Data shown -
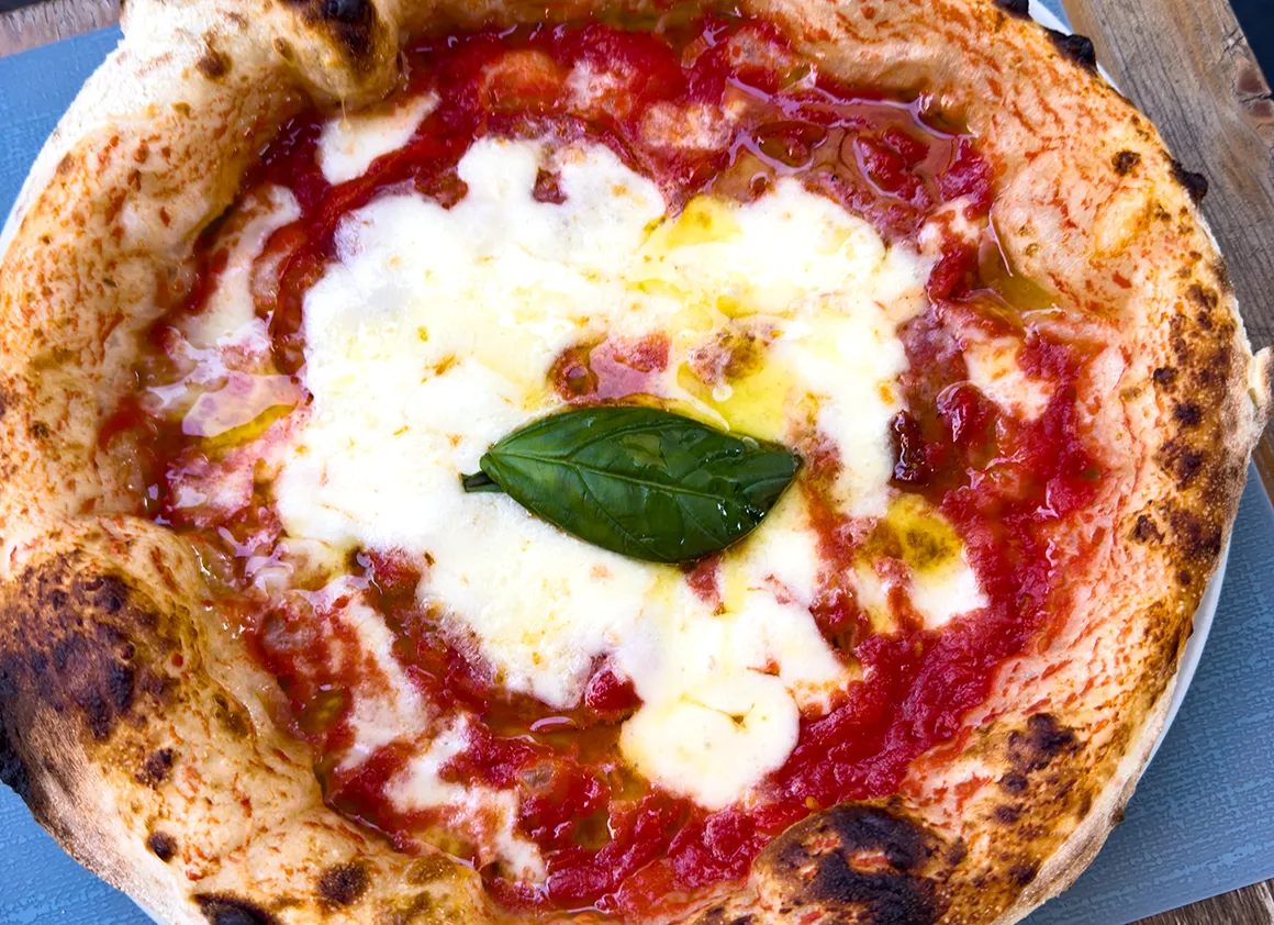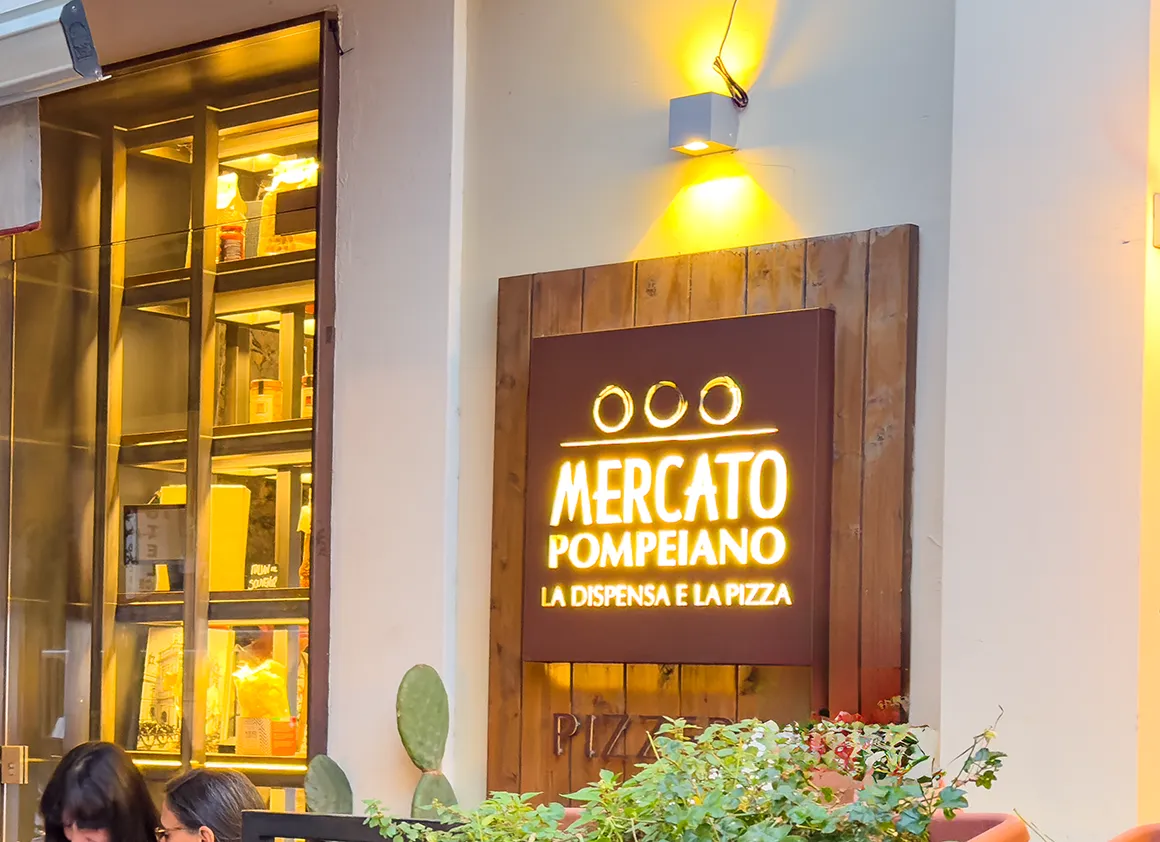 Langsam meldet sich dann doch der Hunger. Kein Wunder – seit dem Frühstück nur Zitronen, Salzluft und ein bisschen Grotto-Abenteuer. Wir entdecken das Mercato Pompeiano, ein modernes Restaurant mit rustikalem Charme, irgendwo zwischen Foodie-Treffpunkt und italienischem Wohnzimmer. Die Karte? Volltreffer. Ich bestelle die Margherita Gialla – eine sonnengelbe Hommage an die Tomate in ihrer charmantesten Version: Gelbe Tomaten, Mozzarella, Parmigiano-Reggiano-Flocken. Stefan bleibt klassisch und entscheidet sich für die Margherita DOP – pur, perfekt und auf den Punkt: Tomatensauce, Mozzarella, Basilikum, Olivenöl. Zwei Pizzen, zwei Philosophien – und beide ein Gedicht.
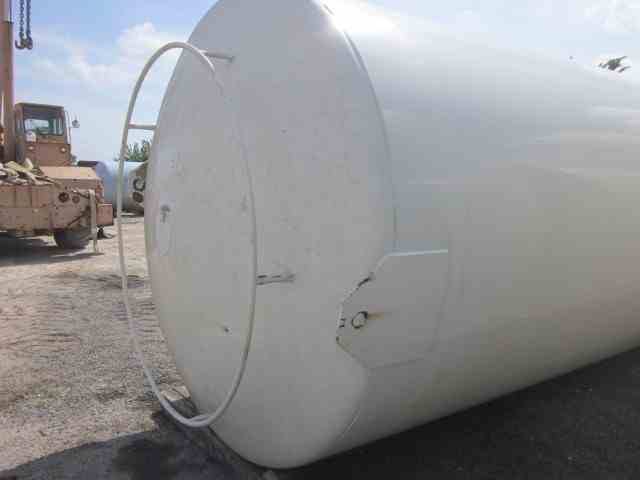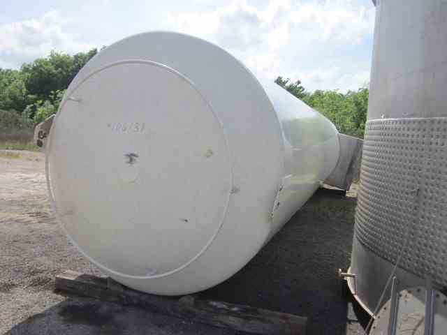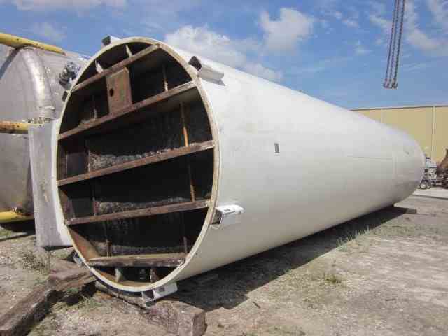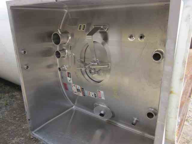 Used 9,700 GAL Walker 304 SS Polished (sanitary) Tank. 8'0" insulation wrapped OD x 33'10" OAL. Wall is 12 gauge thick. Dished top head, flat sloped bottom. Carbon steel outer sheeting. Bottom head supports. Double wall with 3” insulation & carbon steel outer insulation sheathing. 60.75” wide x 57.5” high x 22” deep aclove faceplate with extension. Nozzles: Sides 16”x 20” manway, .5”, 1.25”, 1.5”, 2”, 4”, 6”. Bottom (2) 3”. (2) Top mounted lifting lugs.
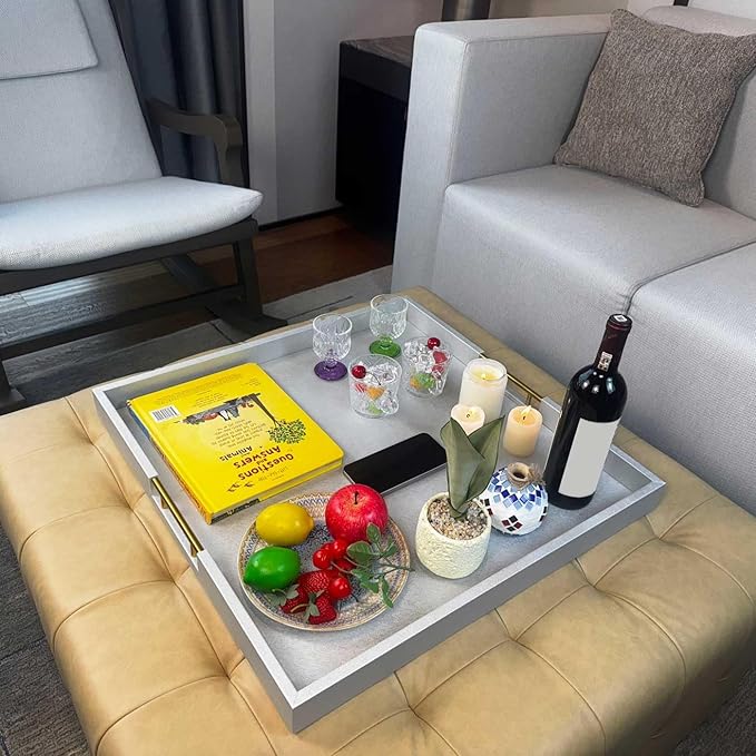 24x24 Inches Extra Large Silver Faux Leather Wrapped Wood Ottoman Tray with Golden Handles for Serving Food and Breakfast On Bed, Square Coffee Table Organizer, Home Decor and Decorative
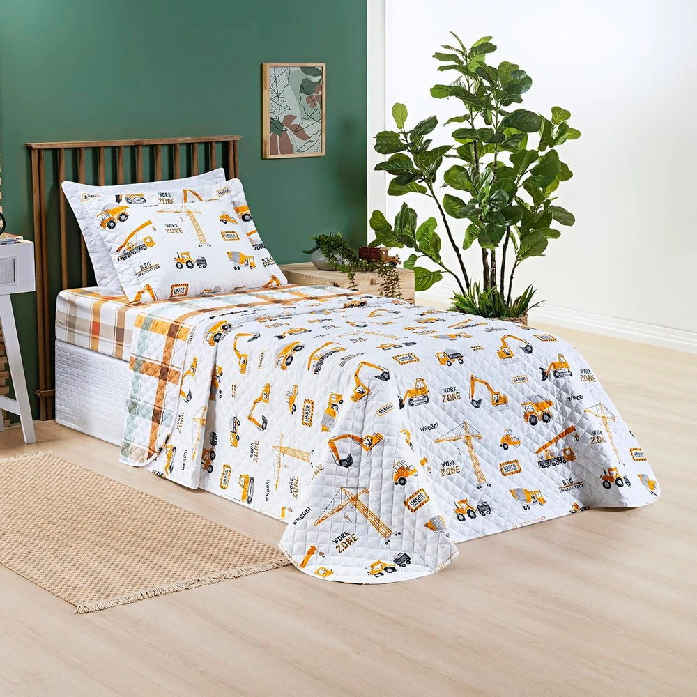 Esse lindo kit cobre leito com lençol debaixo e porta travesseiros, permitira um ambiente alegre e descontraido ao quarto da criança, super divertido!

What you will do -
Repeat the material above exactly; any picture in it is left out.

Worked solution -
 Langsam meldet sich dann doch der Hunger. Kein Wunder – seit dem Frühstück nur Zitronen, Salzluft und ein bisschen Grotto-Abenteuer. Wir entdecken das Mercato Pompeiano, ein modernes Restaurant mit rustikalem Charme, irgendwo zwischen Foodie-Treffpunkt und italienischem Wohnzimmer. Die Karte? Volltreffer. Ich bestelle die Margherita Gialla – eine sonnengelbe Hommage an die Tomate in ihrer charmantesten Version: Gelbe Tomaten, Mozzarella, Parmigiano-Reggiano-Flocken. Stefan bleibt klassisch und entscheidet sich für die Margherita DOP – pur, perfekt und auf den Punkt: Tomatensauce, Mozzarella, Basilikum, Olivenöl. Zwei Pizzen, zwei Philosophien – und beide ein Gedicht.
 Used 9,700 GAL Walker 304 SS Polished (sanitary) Tank. 8'0" insulation wrapped OD x 33'10" OAL. Wall is 12 gauge thick. Dished top head, flat sloped bottom. Carbon steel outer sheeting. Bottom head supports. Double wall with 3” insulation & carbon steel outer insulation sheathing. 60.75” wide x 57.5” high x 22” deep aclove faceplate with extension. Nozzles: Sides 16”x 20” manway, .5”, 1.25”, 1.5”, 2”, 4”, 6”. Bottom (2) 3”. (2) Top mounted lifting lugs.
 24x24 Inches Extra Large Silver Faux Leather Wrapped Wood Ottoman Tray with Golden Handles for Serving Food and Breakfast On Bed, Square Coffee Table Organizer, Home Decor and Decorative
 Esse lindo kit cobre leito com lençol debaixo e porta travesseiros, permitira um ambiente alegre e descontraido ao quarto da criança, super divertido!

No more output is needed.